Data to examine Start Marker
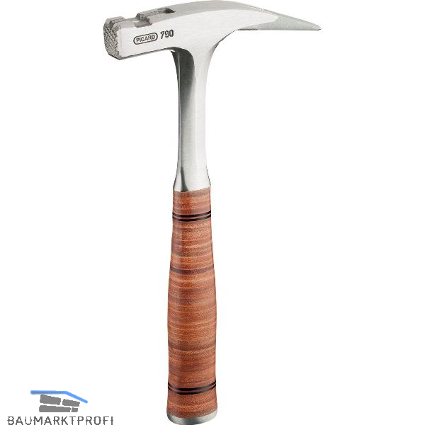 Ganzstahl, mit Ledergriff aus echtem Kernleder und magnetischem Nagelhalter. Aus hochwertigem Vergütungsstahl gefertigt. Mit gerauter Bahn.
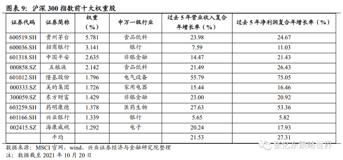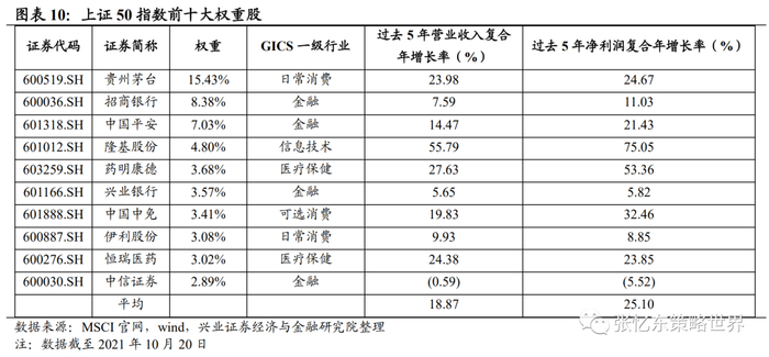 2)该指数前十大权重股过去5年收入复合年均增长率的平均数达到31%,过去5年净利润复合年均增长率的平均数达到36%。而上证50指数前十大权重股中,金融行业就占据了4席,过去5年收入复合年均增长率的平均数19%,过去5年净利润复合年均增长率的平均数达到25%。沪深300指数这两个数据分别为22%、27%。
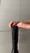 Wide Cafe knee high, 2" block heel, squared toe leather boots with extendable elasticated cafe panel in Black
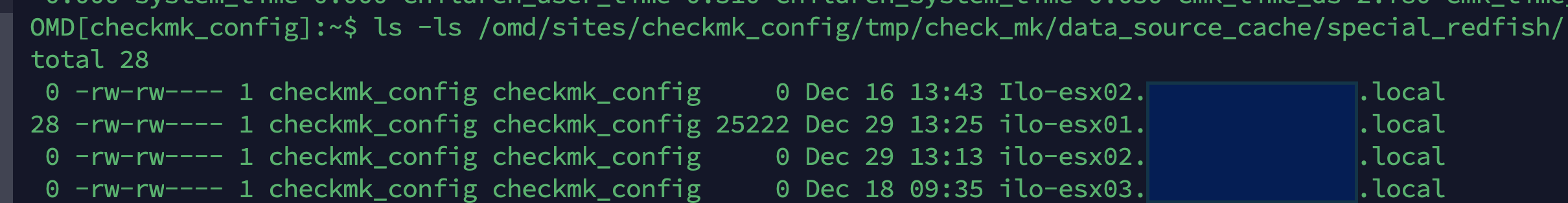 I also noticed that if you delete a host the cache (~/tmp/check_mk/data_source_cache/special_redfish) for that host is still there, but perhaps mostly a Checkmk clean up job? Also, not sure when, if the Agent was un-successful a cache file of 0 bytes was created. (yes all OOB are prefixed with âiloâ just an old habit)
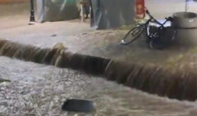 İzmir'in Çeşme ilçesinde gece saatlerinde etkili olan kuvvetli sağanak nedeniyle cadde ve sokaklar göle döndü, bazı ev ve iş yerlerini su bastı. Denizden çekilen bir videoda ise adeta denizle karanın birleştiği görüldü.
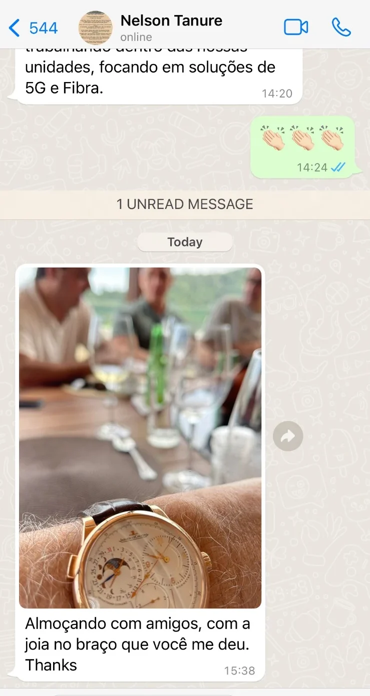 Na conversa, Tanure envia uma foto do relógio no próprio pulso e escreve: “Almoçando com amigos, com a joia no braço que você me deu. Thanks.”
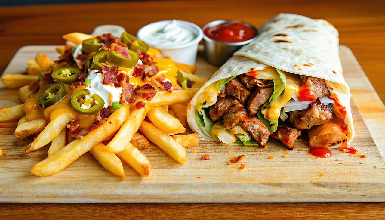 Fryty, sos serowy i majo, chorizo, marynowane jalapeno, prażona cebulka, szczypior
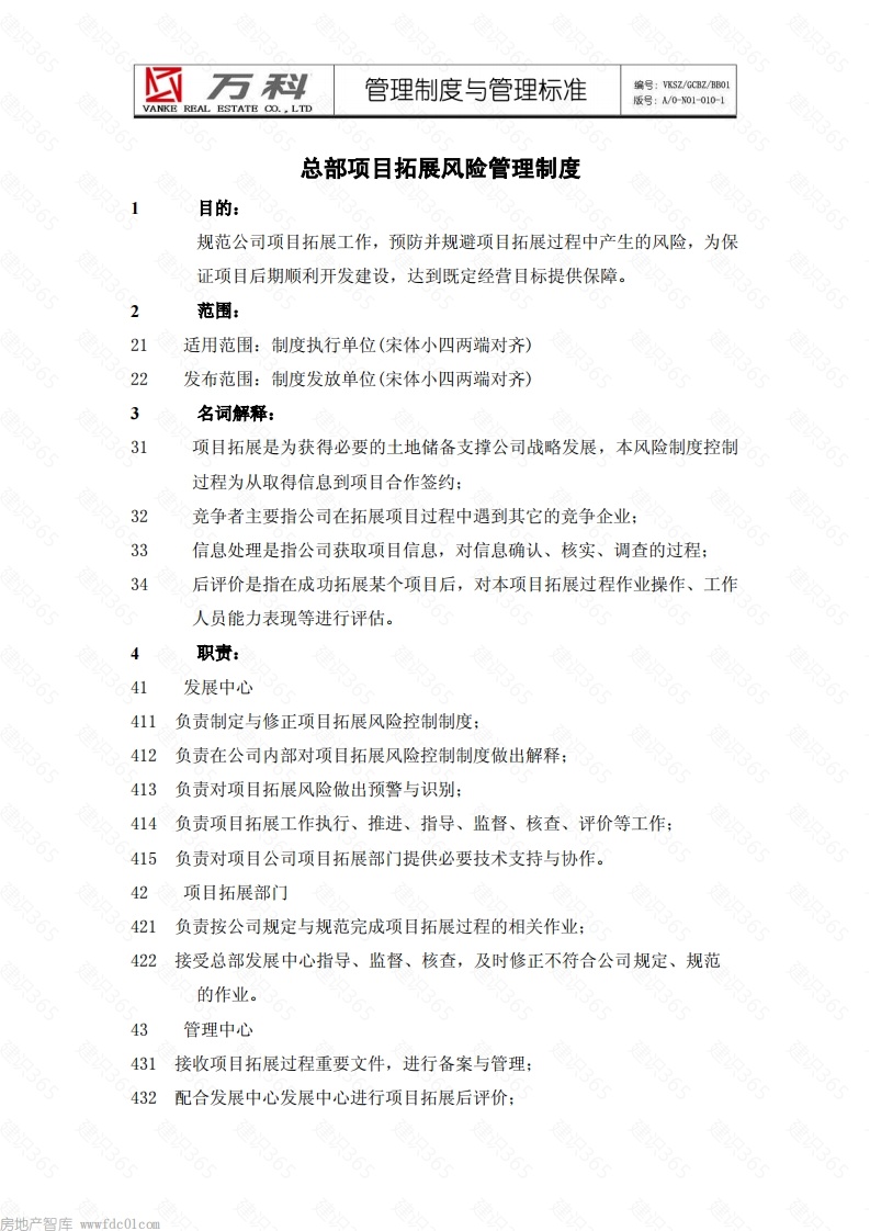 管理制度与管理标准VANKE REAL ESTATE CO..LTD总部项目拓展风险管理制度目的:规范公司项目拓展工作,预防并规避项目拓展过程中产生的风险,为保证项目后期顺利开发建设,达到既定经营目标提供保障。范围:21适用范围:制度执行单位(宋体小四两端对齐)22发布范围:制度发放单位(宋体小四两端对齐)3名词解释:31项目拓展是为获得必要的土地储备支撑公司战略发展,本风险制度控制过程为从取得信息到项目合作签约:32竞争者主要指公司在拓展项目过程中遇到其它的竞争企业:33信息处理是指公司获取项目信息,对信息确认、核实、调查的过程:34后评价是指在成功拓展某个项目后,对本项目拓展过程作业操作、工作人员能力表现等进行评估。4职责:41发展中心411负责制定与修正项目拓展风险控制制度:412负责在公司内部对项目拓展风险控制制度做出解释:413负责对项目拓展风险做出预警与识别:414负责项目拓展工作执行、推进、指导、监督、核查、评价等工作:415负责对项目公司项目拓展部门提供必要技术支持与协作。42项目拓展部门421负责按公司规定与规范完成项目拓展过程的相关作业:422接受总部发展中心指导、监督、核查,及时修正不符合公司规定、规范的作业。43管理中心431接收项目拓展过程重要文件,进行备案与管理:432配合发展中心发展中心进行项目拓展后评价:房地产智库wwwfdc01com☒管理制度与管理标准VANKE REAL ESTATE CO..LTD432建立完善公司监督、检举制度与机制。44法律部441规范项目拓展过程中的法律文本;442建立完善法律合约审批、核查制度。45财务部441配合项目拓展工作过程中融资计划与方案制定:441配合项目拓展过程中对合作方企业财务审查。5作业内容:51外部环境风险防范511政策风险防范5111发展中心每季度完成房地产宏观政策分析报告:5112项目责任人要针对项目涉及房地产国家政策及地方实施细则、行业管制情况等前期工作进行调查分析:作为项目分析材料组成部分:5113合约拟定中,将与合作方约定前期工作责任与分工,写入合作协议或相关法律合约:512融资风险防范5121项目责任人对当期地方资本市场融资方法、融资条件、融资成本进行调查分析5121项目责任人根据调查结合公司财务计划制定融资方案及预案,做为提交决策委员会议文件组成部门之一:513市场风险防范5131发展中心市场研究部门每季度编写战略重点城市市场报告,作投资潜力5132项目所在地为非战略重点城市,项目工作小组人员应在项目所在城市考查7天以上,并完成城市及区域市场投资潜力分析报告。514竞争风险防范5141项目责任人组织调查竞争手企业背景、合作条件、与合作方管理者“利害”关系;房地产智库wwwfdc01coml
Data to examine End Marker
Data to examine Start Marker
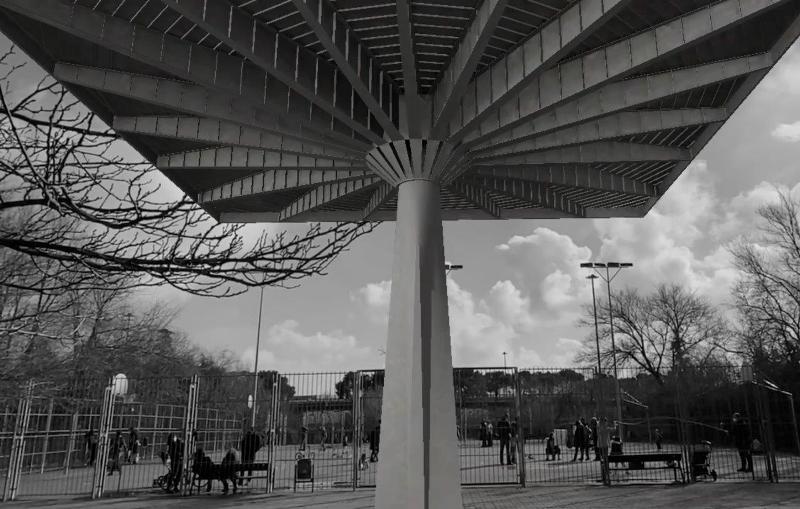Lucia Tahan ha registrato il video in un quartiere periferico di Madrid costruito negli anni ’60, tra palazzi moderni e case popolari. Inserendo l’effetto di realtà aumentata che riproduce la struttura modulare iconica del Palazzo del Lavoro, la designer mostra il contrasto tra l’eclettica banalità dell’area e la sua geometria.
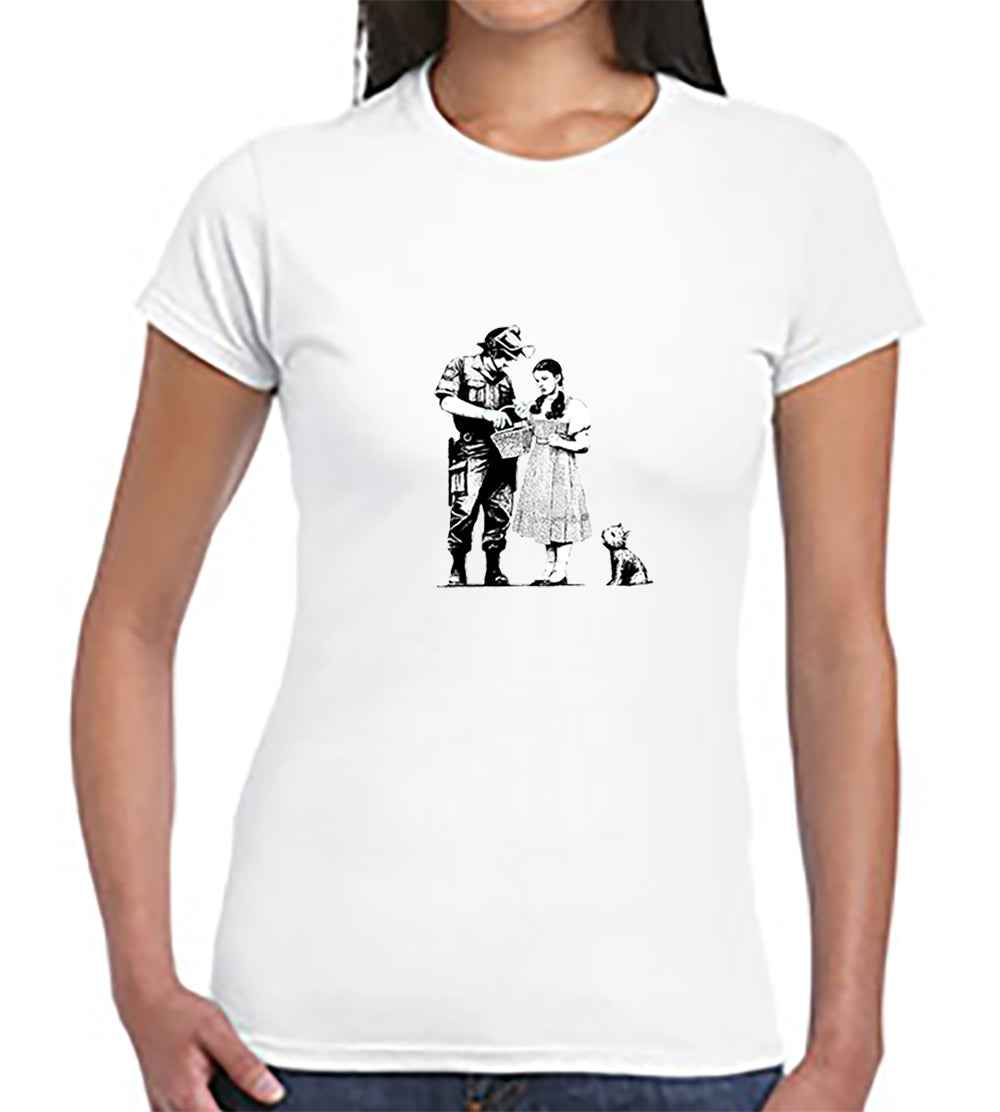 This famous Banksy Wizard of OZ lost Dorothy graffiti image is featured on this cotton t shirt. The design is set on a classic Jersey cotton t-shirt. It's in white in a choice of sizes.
Data to examine End Marker
**Problem details**
Give again, exactly as written above, each line from the one that has "I also noticed" to the one that has "Fryty, sos serowy", both included; omit the pictures.

**Answer to this task**
 I also noticed that if you delete a host the cache (~/tmp/check_mk/data_source_cache/special_redfish) for that host is still there, but perhaps mostly a Checkmk clean up job? Also, not sure when, if the Agent was un-successful a cache file of 0 bytes was created. (yes all OOB are prefixed with âiloâ just an old habit)
 İzmir'in Çeşme ilçesinde gece saatlerinde etkili olan kuvvetli sağanak nedeniyle cadde ve sokaklar göle döndü, bazı ev ve iş yerlerini su bastı. Denizden çekilen bir videoda ise adeta denizle karanın birleştiği görüldü.
 Na conversa, Tanure envia uma foto do relógio no próprio pulso e escreve: “Almoçando com amigos, com a joia no braço que você me deu. Thanks.”
 Fryty, sos serowy i majo, chorizo, marynowane jalapeno, prażona cebulka, szczypior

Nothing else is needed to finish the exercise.